**Records provided:**
────────────────────
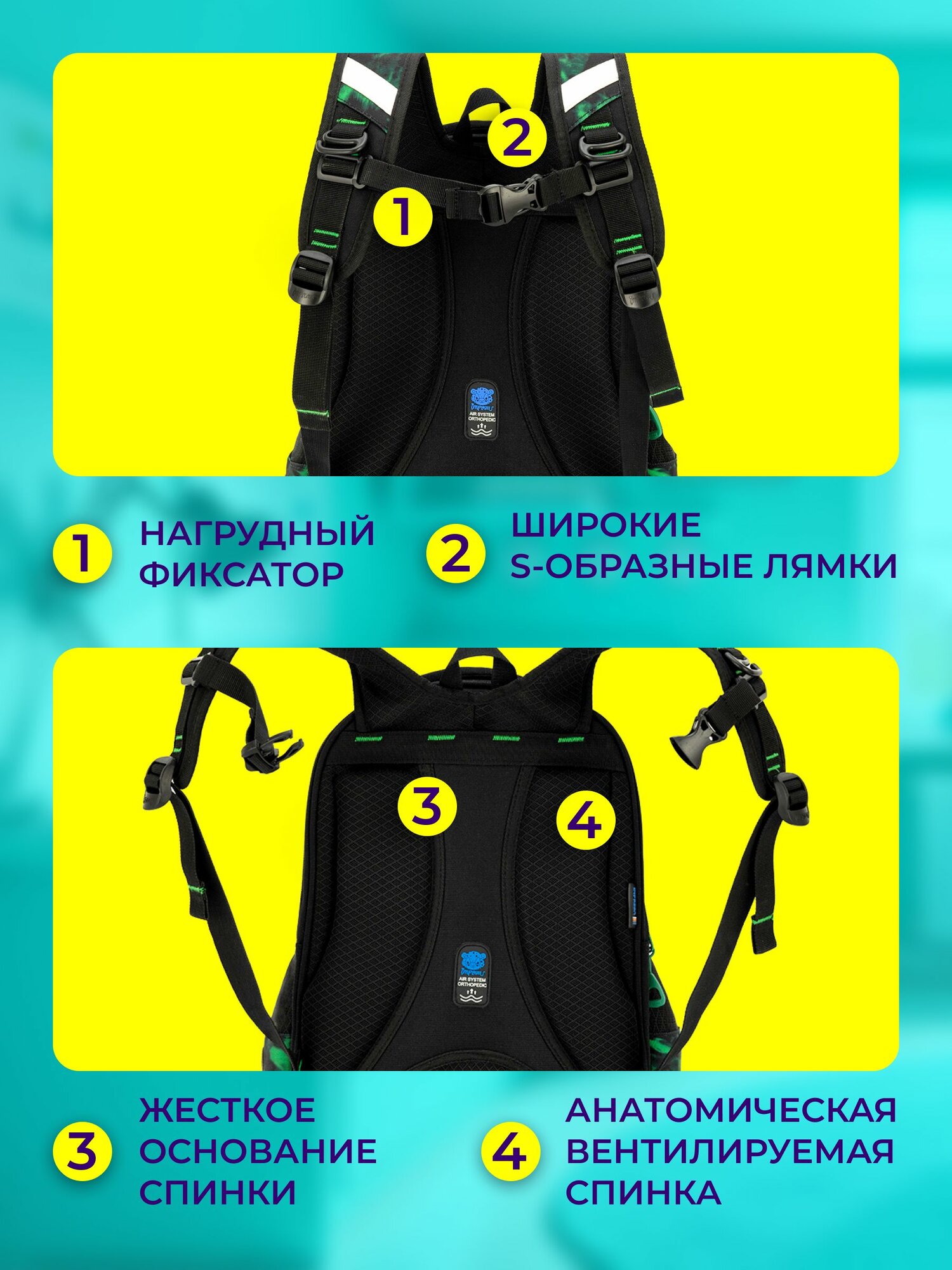 Рюкзак школьный для мальчиков, с ортопедической спинкой, ранец 3 отдела и светоотрожатели, набор 4 в 1, Impreza
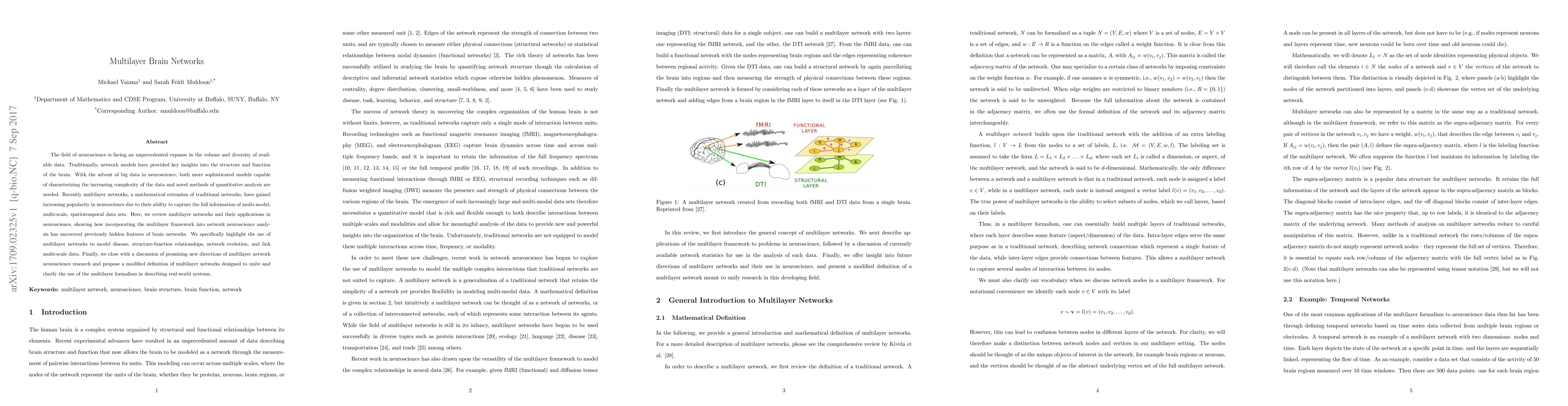 This paper reviews the application of multilayer networks in neuroscience, highlighting their use in modeling complex brain data, disease, structure-function relationships, and multi-scale data integration. It proposes new directions for research and a refined definition to clarify the multilayer formalism.
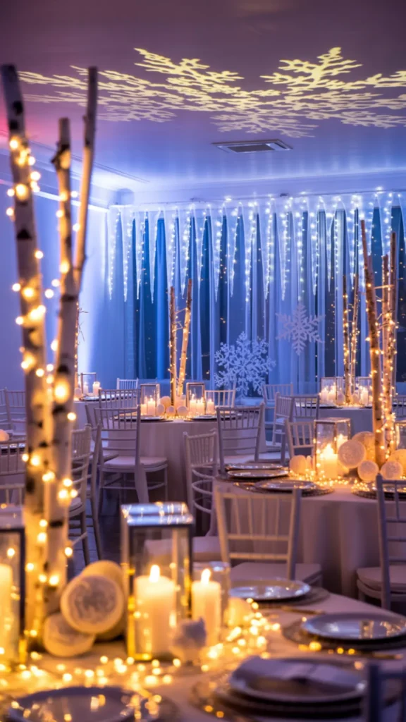 Use different light sources so the room feels layered. Hang icicle curtain lights behind the backdrop, wrap fairy lights around branches, and place LED candles on tables. Add lanterns and glass candle cylinders to create small areas of glow. If you have uplighting, use soft icy-blue lights in corners to give the walls a winter tone. Keep lighting soft, not too bright, so the décor stays elegant instead of harsh.
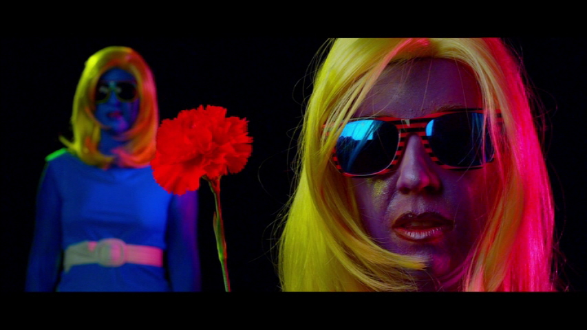 on't let the low-budget veneer of the opening scenes fool you; this movie is nuts. What starts off like a talky home movie shot among friends over a lazy summer goes in some astoundingly weird directions, including the protracted trip sequence which, for ten minutes at least, suddenly swerves smack into Steven Sayadian (and if you don't know who that is, watch this). The '80s influence comes into full bloom here for a performance art segue loaded with day-glo colors, fish heads, non sequiturs, and wild scope compositions, spinning the whole movie on its head and announcing a second half far darker than the first. It would be wildly unfair to talk about where things after this point, but the most infamous bit involves sexual gratification and a blender. As a cinematic experiment it doesn't all completely work (some viewers who like the second half are bound to be a little frustrated with the first, and vice versa), but if you want to see something really different, here you go.
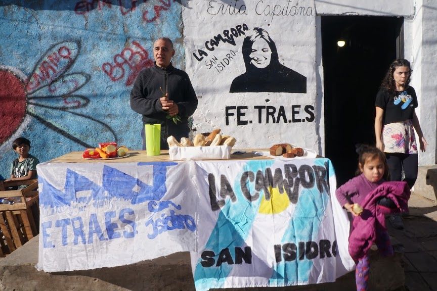 Tomando sus banderas y sus luchas por la justicia social, realizamos ollas populares, misas, jornadas de refacción de casas y espacios comunes y juegos con lxs niñxs.
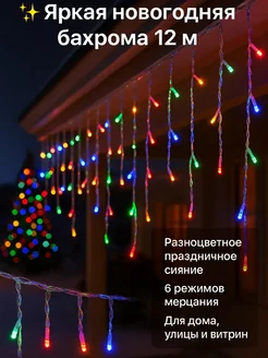 Бахрома LED цветная 12 м, новогодняя гирлянда для декора
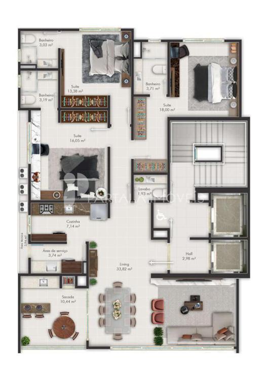 Área social totalmente mobiliada
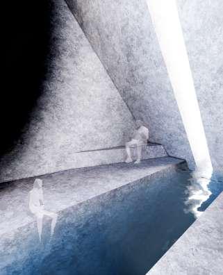 Concrete blocks and allows fragments of the exterior world indoors, and serves as a gateway between urban and water
────────────────────
Word-for-word transcription: the whole listing, with images excluded.

 Рюкзак школьный для мальчиков, с ортопедической спинкой, ранец 3 отдела и светоотрожатели, набор 4 в 1, Impreza
 This paper reviews the application of multilayer networks in neuroscience, highlighting their use in modeling complex brain data, disease, structure-function relationships, and multi-scale data integration. It proposes new directions for research and a refined definition to clarify the multilayer formalism.
 Use different light sources so the room feels layered. Hang icicle curtain lights behind the backdrop, wrap fairy lights around branches, and place LED candles on tables. Add lanterns and glass candle cylinders to create small areas of glow. If you have uplighting, use soft icy-blue lights in corners to give the walls a winter tone. Keep lighting soft, not too bright, so the décor stays elegant instead of harsh.
 on't let the low-budget veneer of the opening scenes fool you; this movie is nuts. What starts off like a talky home movie shot among friends over a lazy summer goes in some astoundingly weird directions, including the protracted trip sequence which, for ten minutes at least, suddenly swerves smack into Steven Sayadian (and if you don't know who that is, watch this). The '80s influence comes into full bloom here for a performance art segue loaded with day-glo colors, fish heads, non sequiturs, and wild scope compositions, spinning the whole movie on its head and announcing a second half far darker than the first. It would be wildly unfair to talk about where things after this point, but the most infamous bit involves sexual gratification and a blender. As a cinematic experiment it doesn't all completely work (some viewers who like the second half are bound to be a little frustrated with the first, and vice versa), but if you want to see something really different, here you go.
 Tomando sus banderas y sus luchas por la justicia social, realizamos ollas populares, misas, jornadas de refacción de casas y espacios comunes y juegos con lxs niñxs.
 Бахрома LED цветная 12 м, новогодняя гирлянда для декора
 Área social totalmente mobiliada
 Concrete blocks and allows fragments of the exterior world indoors, and serves as a gateway between urban and water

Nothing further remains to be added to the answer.